Looking at this stark and dramatic photograph pictured above, it's easy to imagine it as the beginning of the long walk to freedom for Nelson Mandela, as it shows a winding road leading out of Qnu, the humble, rural town where Madiba was born.
"The Meaning of Home” is a photo exhibition which traces Nelson Mandela’s childhood journeys through rural towns in the Eastern Cape, and is currently on display at the Nelson Mandela Foundation’s offices.
"The Meaning of Home” is a photo exhibition which traces Nelson Mandela’s childhood journeys through rural towns in the Eastern Cape, and is currently on display at the Nelson Mandela Foundation’s offices.
This series of black and white photographs by acclaimed photographer, Bonile Bam, documents the landscape of Mr Mandela’s hometown and surrounds, giving us insight into the physical setting in which Mr Mandela lived as a boy.
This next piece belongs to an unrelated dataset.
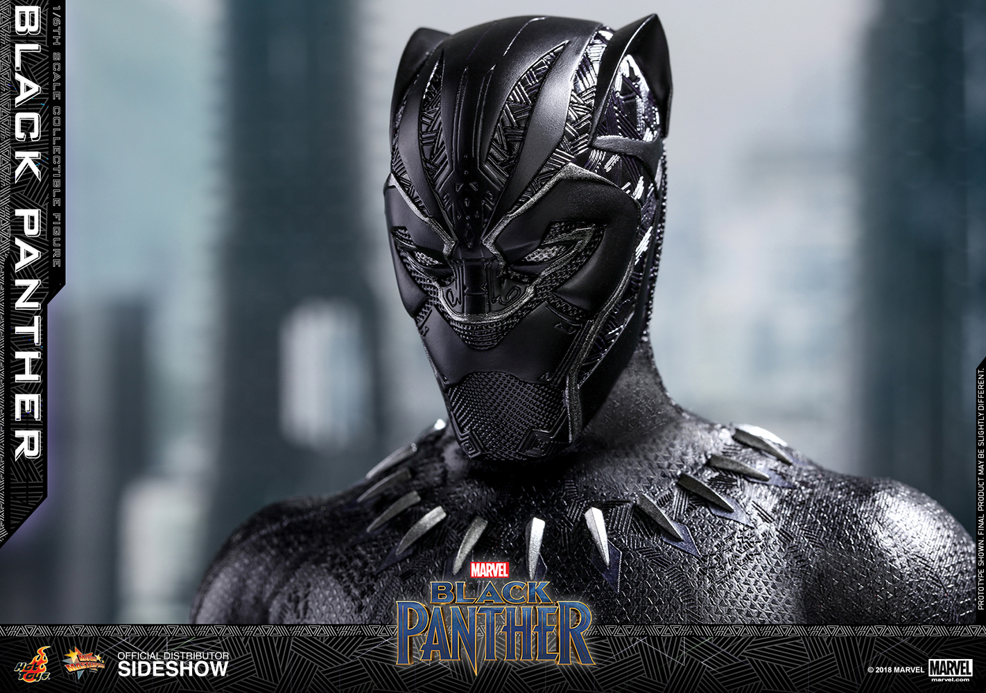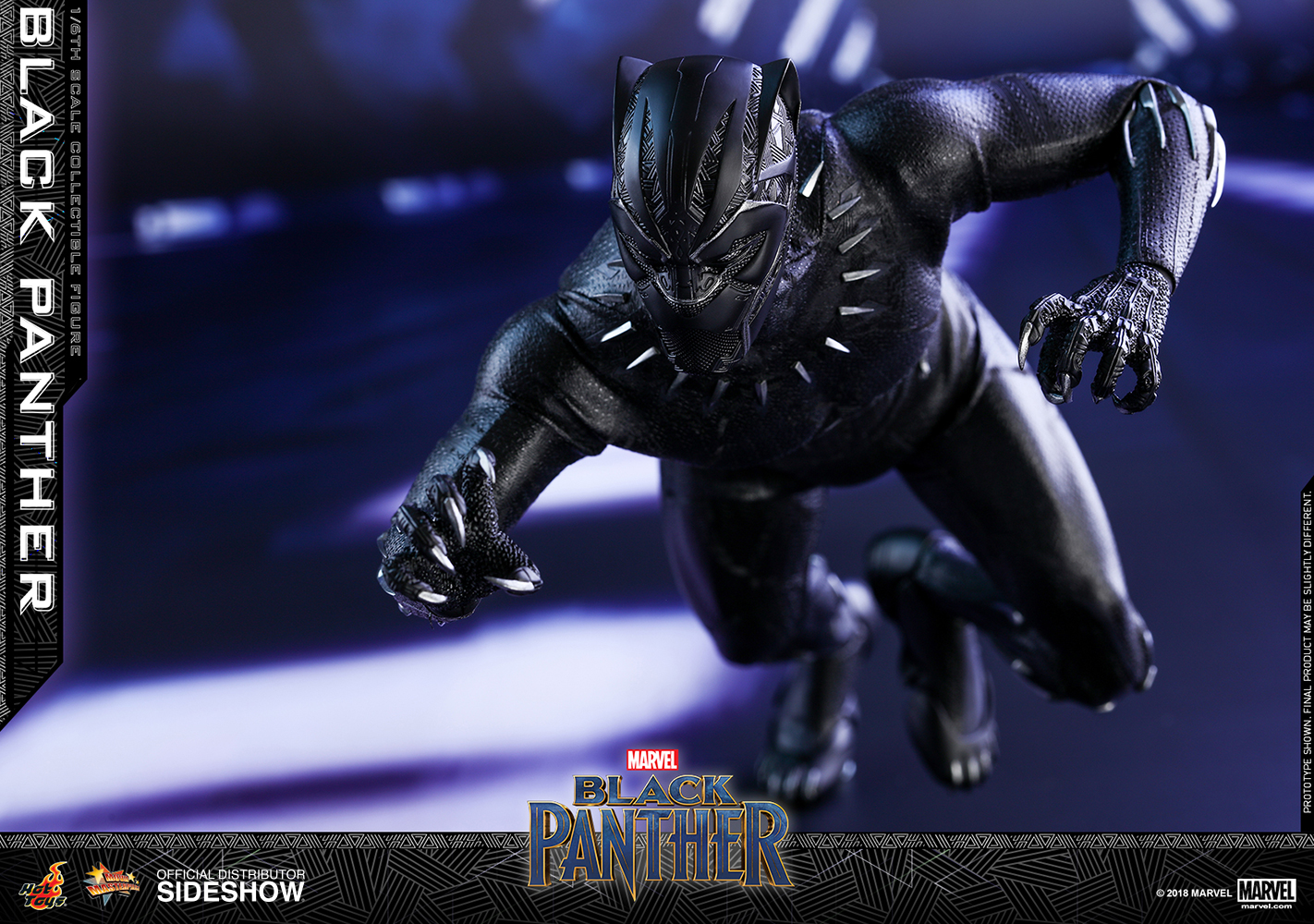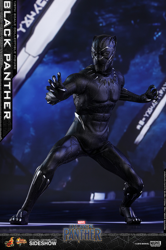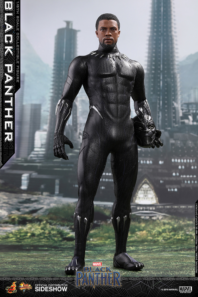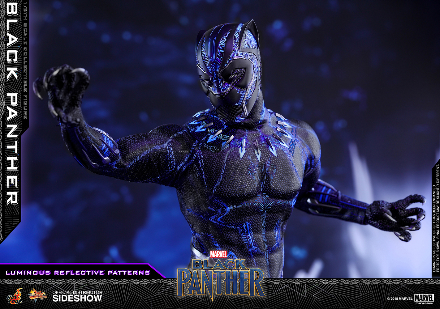 ABOUT THIS SIXTH SCALE FIGURE“What happens now determines what happens to the rest of the world.”Marvel Studios is continuing to expand the Marvel Cinematic Universe by bringing some more exciting new characters to the screen. The young king T’Challa a.k.a. Black Panther who made his debut in Captain America: Civil War, this time must secure the throne and save Wakanda from enemies who intend to bring the downfall of the reclusive and technologically advanced African nation.Sideshow and Hot Toys are proud to present the latest Black Panther sixth scale collectible figure! For the first time ever, Hot Toys has incorporated insanely detailed luminous reflective patterns into the costume to re-create this extraordinary new Panther Habit suit with mystical elements under specialized LED lighting exposures.Finely crafted based on the appearance of Chadwick Boseman as Black Panther in the movie of the same title, the movie-accurate collectible figure features two interchangeable heads which include a newly developed head sculpt with stunning likeness and an all-new masked head with two interchangeable eye pieces, a newly developed body which can naturally portray Black Panther’s muscular body, a meticulously tailored new Black Panther suit with fine details and the spectacular feature of purple patterns appearing under specialized LED light, a character backdrop and a movie themed hexagonal figure stand with two specialized LED light units. Now is the time to pre-order this new Black Panther collectible figure, the warrior king will surely be one of the most epic additions to your Marvel collection.LicenseMarvelTypeSixth Scale FigureManufacturerHot ToysArtistsSo-Young, Lee (Head Sculpt)Da-Hye, Kim (Head 3D Design)JC. Hong (Head Paint & Head Art Direction)WHAT'S IN THE BOX?The Black Panther Sixth Scale Collectible Figure specially features:One (1) newly developed interchangeable head sculpt with authentic and detailed likeness of Chadwick Boseman as T’Challa/Black Panther in Black PantherOne (1) newly developed interchangeable Black Panther masked head with two (2) interchangeable eyepieces (masked and unmasked)Approximately 31.5 cm tallNewly developed muscular body with over 32 points of articulationSeven (7) pieces of interchangeable hands including: - One (1) pair of fists - One (1) pair of clenching hands - One (1) pair of clenching hands with claws - One (1) right hand for holding spearEach head sculpt is specially hand-paintedCostume:One (1) meticulously tailored black and silver colored Panther Habit suit with luminous reflective patterns appearing under specialized LED light unitWeapon:One (1) spearAccessories:Two (2) specialized LED light units (battery operated)Specially designed Black Panther themed hexagonal figure stand with character nameplate, movie logo and character backdropADDITIONAL DETAILS & DIMENSIONSExpected to ShipJan 2019 - Mar 2019Item shown is a prototype. When shipped, the final production piece may differ in appearance.Product Size12.40 H (314.96mm)*Dimensional WeightTBDInt'l Dim. WeightTBD* Size and weight are approximate values.SKU903380UPC4897011185828© 2018 MARVEL .© 2018 Hot Toys Limited. All Rights Reserved.

Bam, who hails from the Eastern Cape, was selected for the prestigious Getty Images Fellows Programme, where he completed a photography course in New York before returning to South Africa. He has been exhibited in New York, Austria, the Czech Republic, Sweden and the Netherlands.
Bam said he wanted to tell the story of an icon through the landscape and structures that influenced his political life, and help people to understand Mr Mandela a bit better:
“Most people don’t know where Madiba is coming from and I wanted to share with ordinary citizens, or anyone who is interested in his roots, that, as much as he is a recognised figure in the world, he is a humble person who comes from an ordinary background. I think we can motivate other people who might be hopeless and think that they cannot be leaders in the future.”
Bam’s next showing, a group exhibition of three generations of South African photographers entitled “Struggle, Apartheid and Freedom”, will open in October at the Johannesburg Art Gallery.